Les mots pour “le” dire à un instant “t” ne servent à rien. Ils demeurent lettres mortes. D’où cette lettre au “disparu” enfin des radars. Avant, il ne voulait ou pouvait rien entendre et ce, au nom de la loi des pères aussi vieilles que la Bible.
Celle qui a vu sa vie dérobée par son géniteur exprime enfin sa révolte : « Papa, je pense que nous allons nous fâcher. J’ai soutenu ton regard jusqu’au dernier mot, je venais de dire ce que toujours j’avais su, ce que je pense que nous savions tous les deux.
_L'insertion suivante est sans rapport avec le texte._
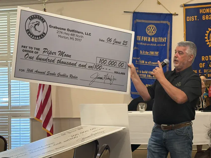 The snake rodeo is set for June 4-6 at Roy's Store on Lake Washington in Washington County. Five bands will perform over three nights, including Good Hope on Thursday, Hurricane and Slow Hand Band — a Conway Twitty tribute — on Friday, and Jason Fertizzi's Dirt Road Jam Band with The Smoke on Saturday. Nichols said food vendors and snake-catching action will draw crowds, with all proceeds benefiting a U.S. Marine veteran needing a modular home and 2-year-old Salem Bennett, who faces multiple surgeries for arthrogryposis.
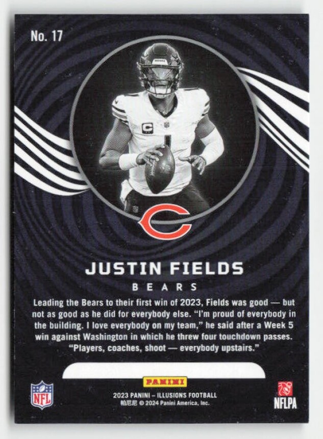 You are purchasing a 2023 Panini Illusions Justin Fields #17 Retail. You will receive the exact item in the photographs. Thank you for looking.
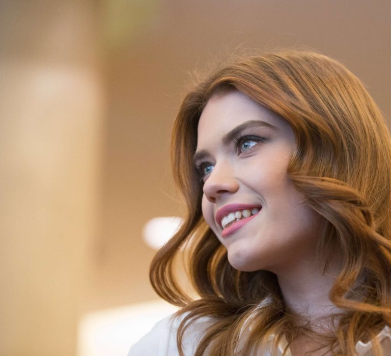 Finalistka súťaže Jana Kadvanová z Galanty s čílom 12 počas oficiálneho predstavenia finalistiek 23. ročníka súťaže krásy Miss Slovensko 2018. Bratislava, 1. február 2018. Foto: SITA/Branislav Bibel
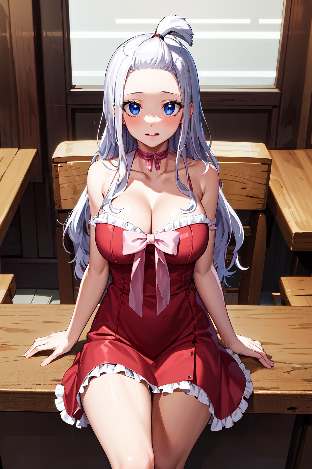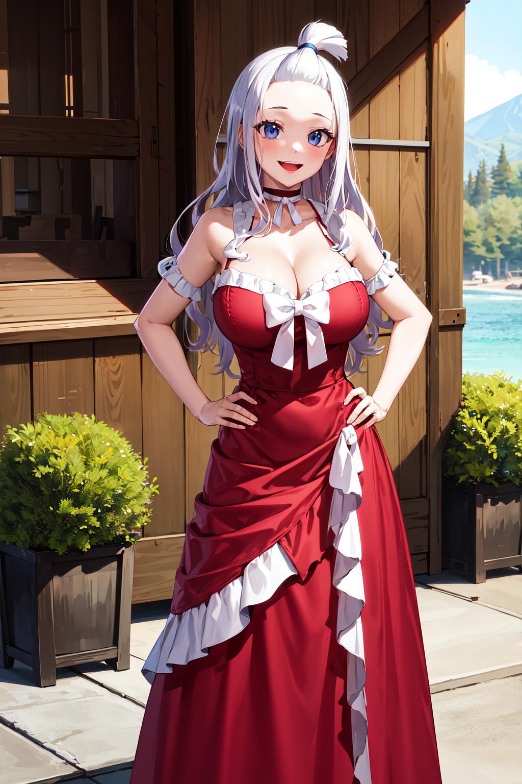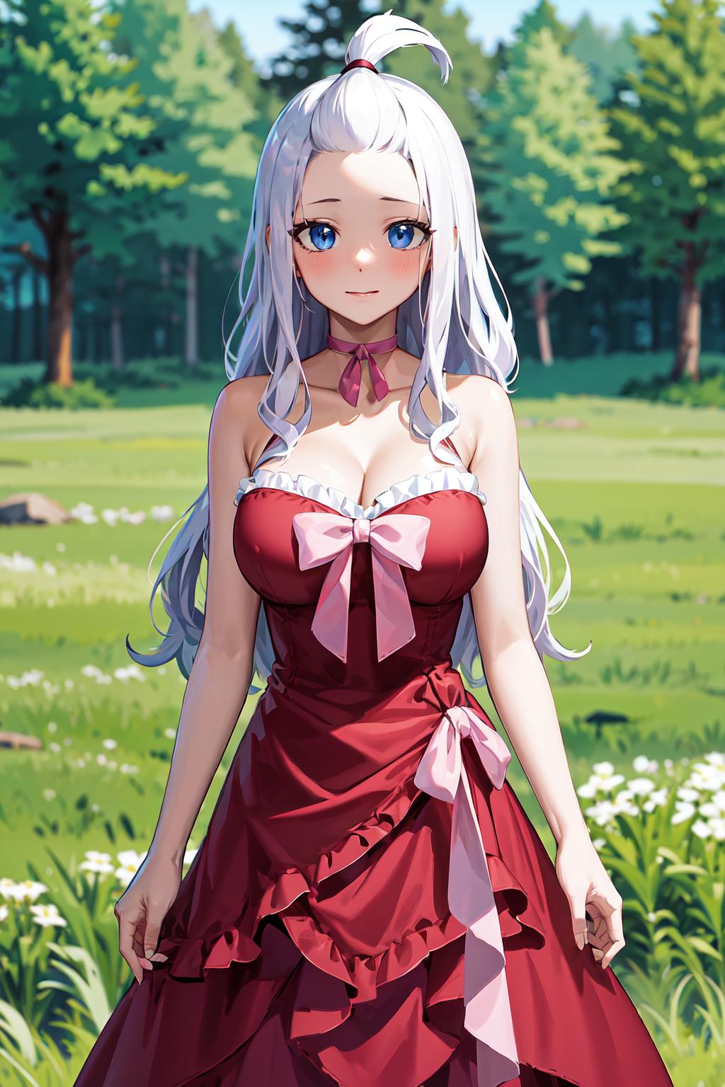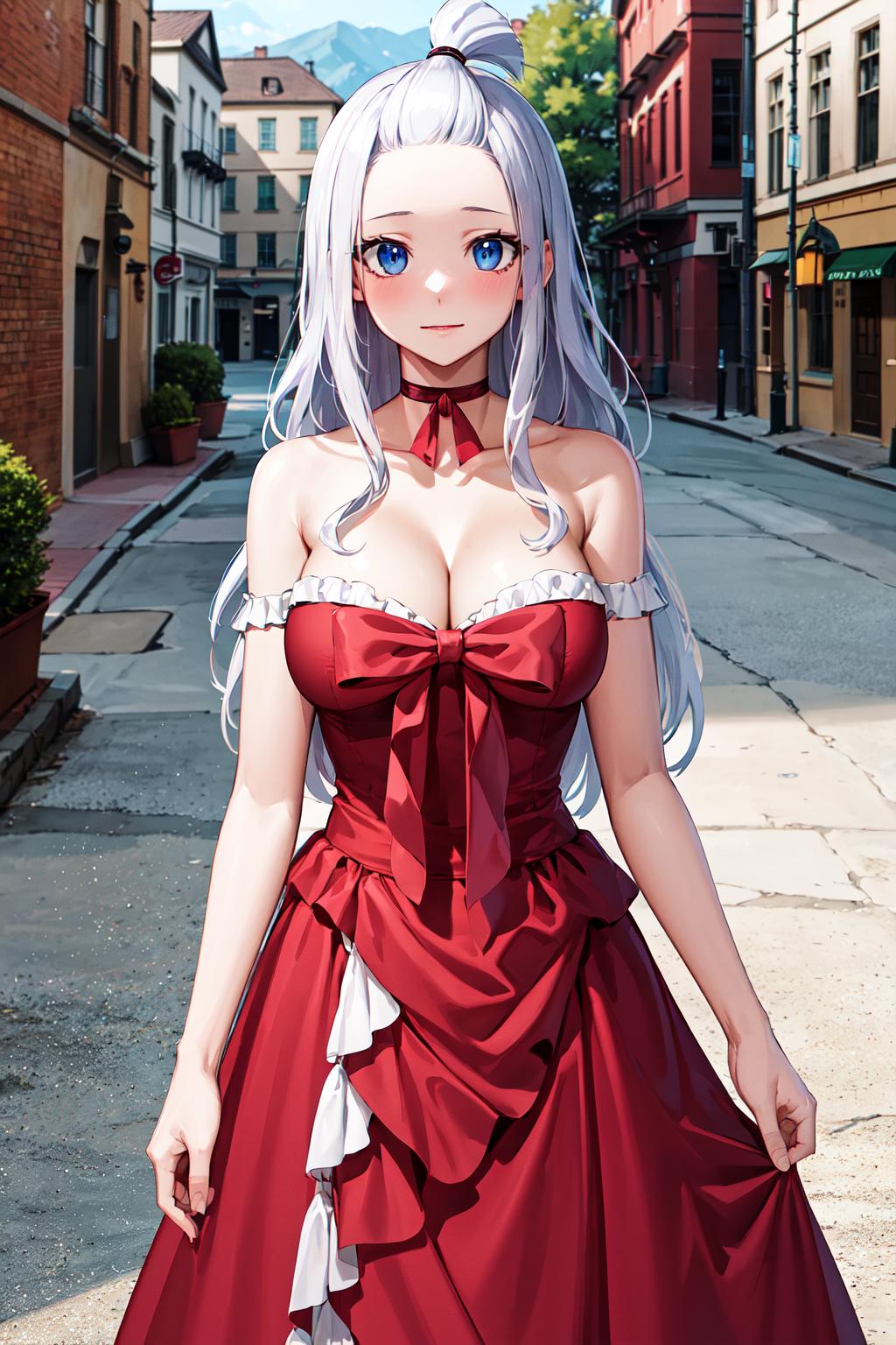 outfit1aamira, long hair, bangs pinned back, topknot, forehead, choker, bare shoulders, cleavage, red dress, frilled dress, bow, sleeveless
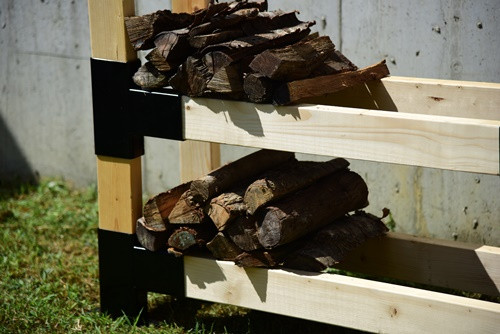 2段式「薪ラック」で大小サイズの薪を整理できます。
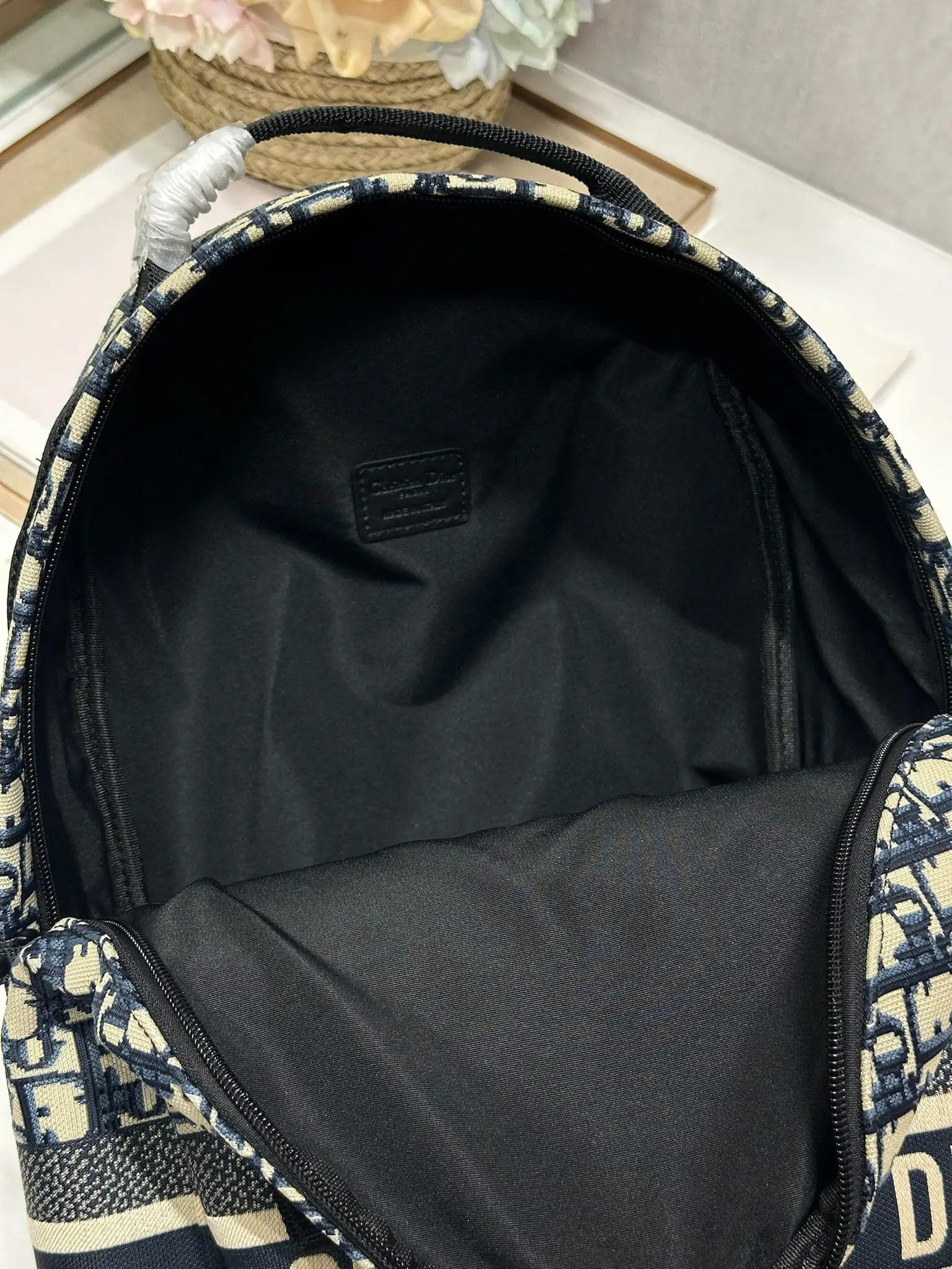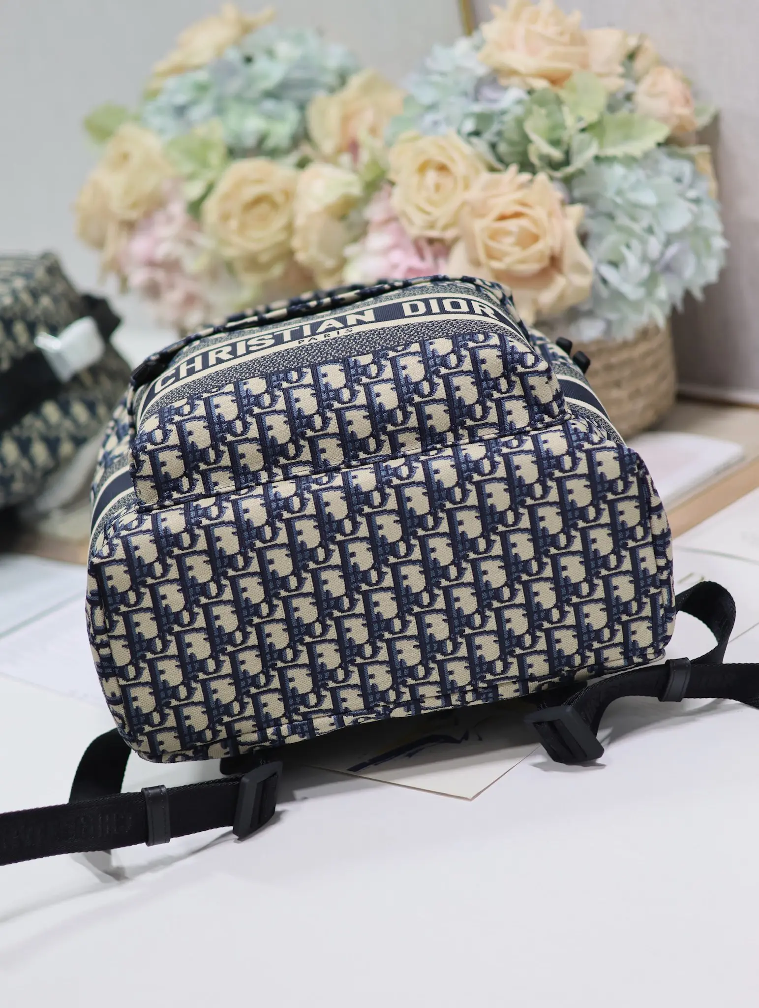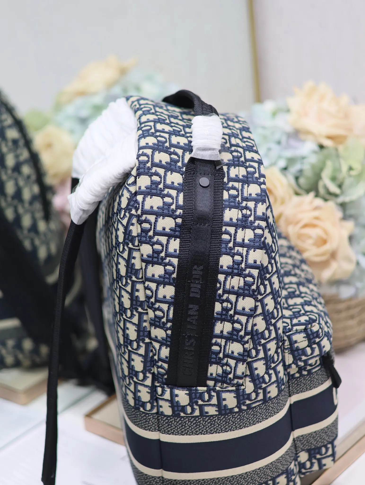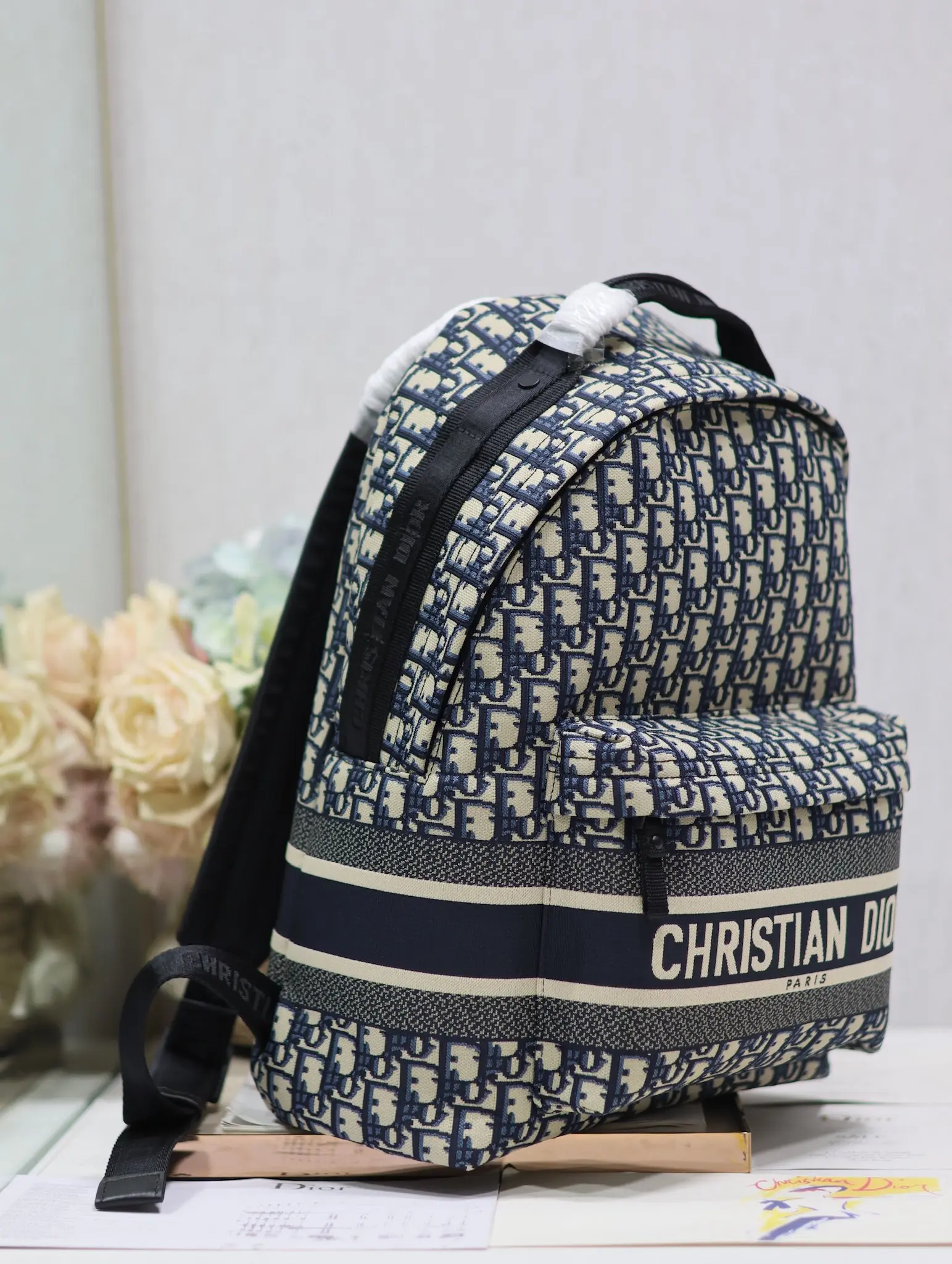DiorTravel 双肩背包 蓝布大号 这款 DiorTravel 双肩背包巧妙融合 Dior 的经典细节与时尚而实用的设计 采用蓝色提花科技面料精心制作 通体饰以 Oblique 印花 搭配手柄和肩带 可肩背或双肩背 型号 096尺寸 35 x 41 x 15 厘米 长 x 高 x 宽
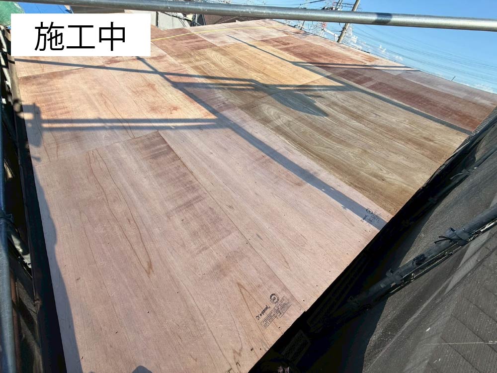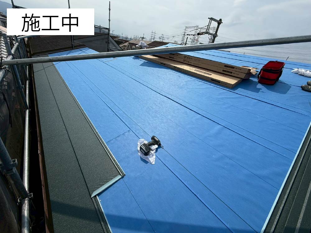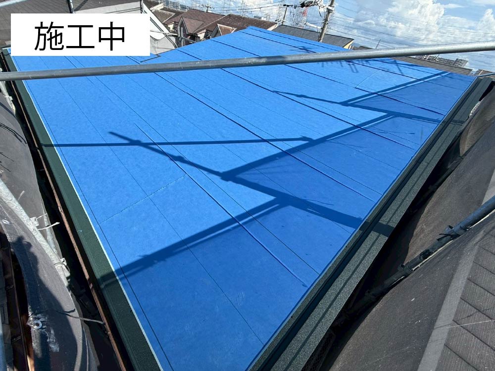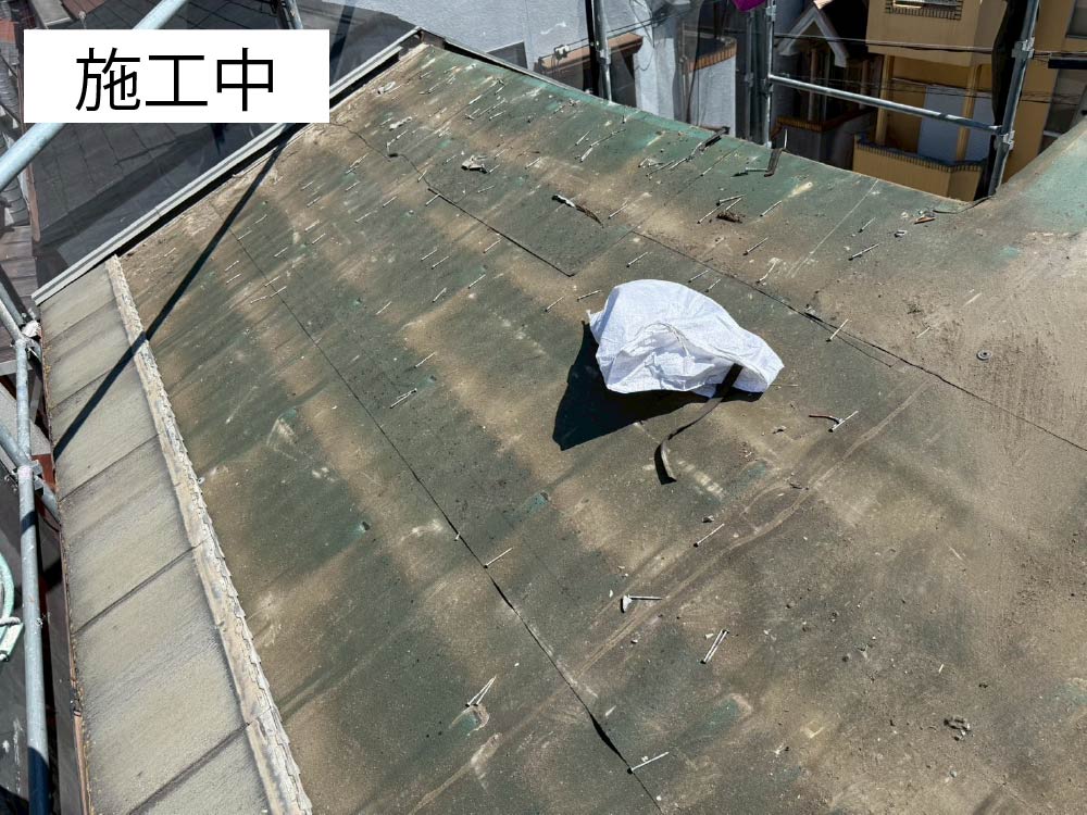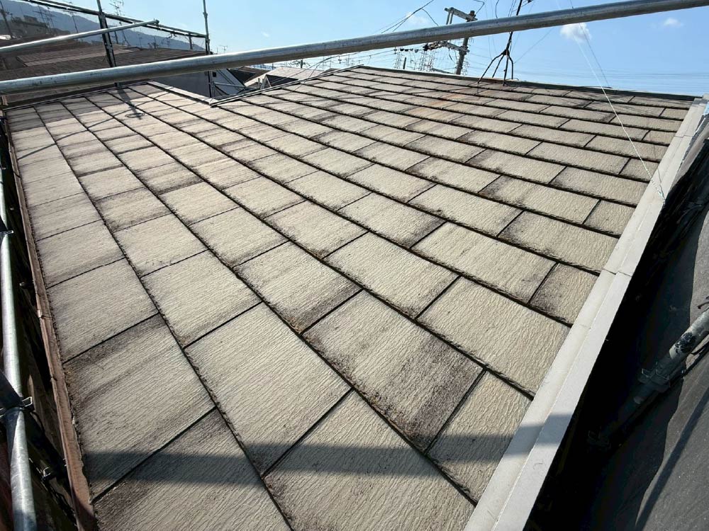 色褪せの目立つスレート屋根をおしゃれなグリーンの屋根材で葺き替えました。
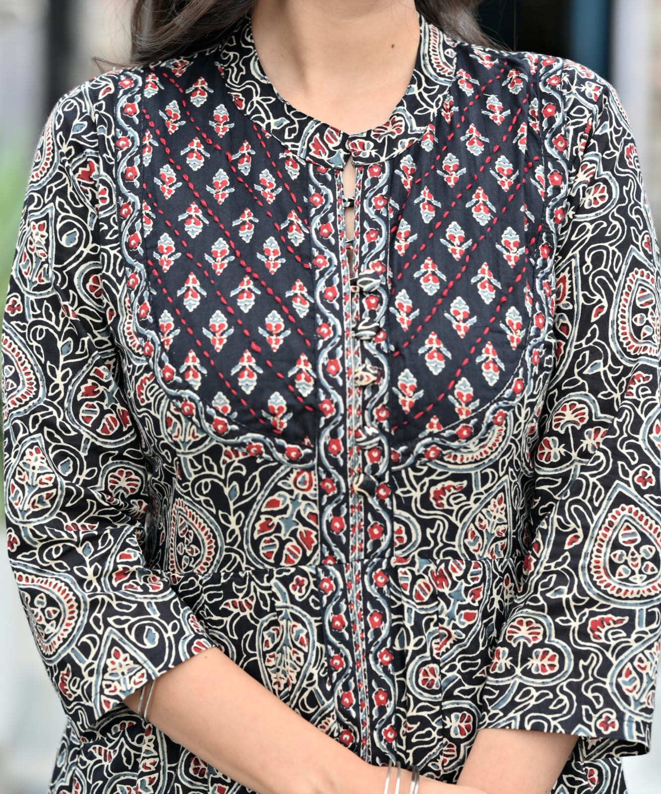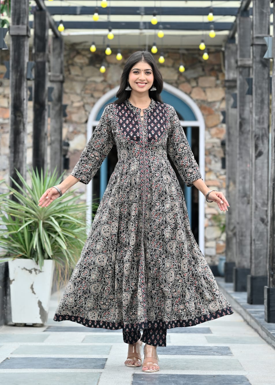 IndoLady Noir Royale Cotton Printed Flared Suit Set with Hand Embellis – Indolady Skip to content

Nous allions nous fâcher. »
Et il lui aura fallu atteindre et attendre 30 ans pour exprimer avec ambivalence sa révolte, son amour, sa haine en legs de tout compte.
La douleur prend une expression directe, violente, cruelle. Néanmoins, l’auteure est parfois drôle pour évoquer les souvenirs d’une vie qu’elle refuse désormais. Exit la volonté paternelle de perfection fantasmée eu égard à sa fille. Elle a gardé longtemps le silence en guise de self-défense.
Mais est enfin arrivé un temps d’urgence : elle ne pouvait plus se contenir.
Il s’agit d’essayer d’enfin vivre pour et par soi. Loin de l’ombre. Une ombre où certaines femmes retrouveront ce qu’elles subirent et qui alimenta leurs frustrations.
L’aspect dénonciateur n’empêche en rien, dans l’arrachement, l’attachement émotionnel. Mais ce qui devait “sortir’ est enfin exprimé.
jean-paul gavard-perret
Laure Couraige, La fille du père, P.O.L éditeur, Paris, 2020, 144 p. - 17,00 €.